一审诉讼中,见证人王某来院称:我与刘某3是邻居。2018年4月1日左右刘某3生了胰腺癌,402室居委会主任吴某告诉我刘某3自己写了一份遗嘱,吴某并告诉我遗嘱的大概内容是:刘某3过世后将房子卖掉,四分之一的房款给石某。2018年8月10日左右居委会主任到我家里来说刘某3需要写一份遗嘱,让我作见证。那天晚上8点多吴某陪着石某到我家,石某将4月1日(应为5月1日)刘某3自己写的遗嘱给我看了,这份遗嘱写的时候我不在场。我听石某说:8月9日刘某3的两个儿子带了律师、公证员到刘某3所在的徐汇区中心医院叫刘某3又写了一份遗嘱,两个儿子走了之后,刘某3让石某找居委帮忙,8月10日早上吴某陪着石某走访了街道的律师还有公证处。8月10日晚上吴某到我家的时候跟我说:问过律师了,可能之前写的遗嘱无效了,需要重新写一份遗嘱。当场我、我爱人、石某、石某的女儿、另外一个见证人姓刘(住在我们楼上601室,是吴某8月10日晚上叫她一起去的)以及吴某六个人一起去了徐汇区中心医院,当时刘某3靠在床上和我们打招呼,刘某3跟石某说重写一份遗嘱,遗嘱是刘某3说我代写的,内容和4月1日遗嘱的内容基本相似。刘某3说:8月9日两个儿子陪着律师和公证员到医院逼着他写了一份遗嘱,刘某3没签名就按了一个手印,要将8月9日遗嘱推翻,还是按照4月1日刘某3自己写的遗嘱来写。在医院石某将4月1日遗嘱拿出来我看一下。8月10日遗嘱大部分是刘某3自己说的,我整理了一下,刘某3说我写,其余人在旁边的人听刘某3说,也看着我写。遗嘱写好后就交给了石某,石某交给刘某3签字,名字是刘某3自己签的,手印也是刘某3自己按上去的。
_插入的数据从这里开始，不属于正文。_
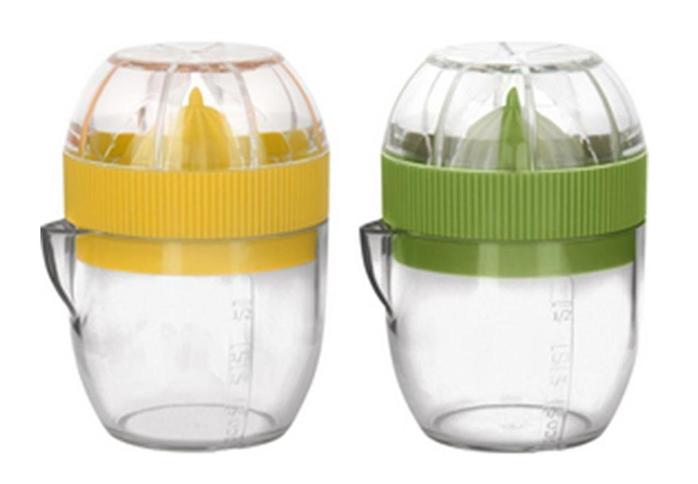 This handy citrus juicer will make a great addition to any kitchen or home bar. Comes with a 1/2 cup juice container, a juicer with strainer and a lid with serrated fins, designed to firmly grasp the fruit.

刘某3签好字、按好手印,当时的见证人和代书人都未签字,我就将遗嘱拿回来了,我们其余人也都回去了。我回去考虑一下该不该做这件事,第二天8月11日早上我拿给姓刘的签字,签好字我再签字,我签完再给我爱人虞某签字。遗嘱一式一份,我们签好字再将遗嘱给石某。立遗嘱时好像是石某拿着手机录音录像,因为在写没有注意到录音录像。刘某3过世后三天,刘某3的儿子叫了一个铜匠去开刘某3家的门锁,我就跟他讲家里有人住,心想是不是侵权了,不到十分钟,刘某3的小儿子和大儿子一起过来跟我吵架,说我们的事情你管什么管。没多长时间石某回来了,石某报了警,警察说是内部家庭矛盾。刘某3的小儿子说话很难听,辱骂我。刘某3的儿子将石某的衣服扔在门口。2018年9月底10月初,刘某3的小儿子要搬进来住,因为我卫生间的排气管跟我发生争吵,隔壁吴某出来了,跟刘某3的小儿子争执了几句,后来有几次我爱人在外边遇到刘某3小儿子,小儿子也说很难听的话。我开庭不过来作证,但是我说的都是事实。我9月16日发短信给石某撤销为刘某3遗嘱的见证,这是他们的家事。我和刘某3的儿子已经结怨,如果作证可能会影响自己的安全。姓刘的见证人也不愿意过来出庭作证,她可能也是担心安全问题。石某对证词无异议。刘某1方认为代书人在谈话笔录中的陈述内容与石某提供的证据不符,涉嫌虚假陈述,代书人王某明确表示“自己和妻子撤回见证,另一见证人也撤回了见证,不再参与此事”。即使8月10日的代书遗嘱有效,因见证人撤回了见证而失去成立的法定条件。
刘某1方为证明其主张,向法院提供了如下证据:
1、8月9日遗嘱一份、2018年8月9日立遗嘱当日的视频和录音资料以及文字整理,以证明8月9日遗嘱规范,是真实可信的,是刘某3的真实意思表示,而且之前有谈话,遗嘱制作的过程中刘某3头脑清醒,对律师表示满意。
2、刘某1方对石某提交的2018年8月10日的录音资料的文字整理,以证明石某的文字整理和录音存在出入,录音中存在很多女生普通话的插话,8月10日遗嘱不是刘某3的真实意思表示,是在旁人的诱导和授意之下迫于无奈的应付,石某提交的录音有六段一字不差的重复,存在编辑的嫌疑,录音未明确否定8月9日的遗嘱,也未体现8月10日遗嘱的内容,8月10日的遗嘱不能证明是刘某3自己的真实意思表示。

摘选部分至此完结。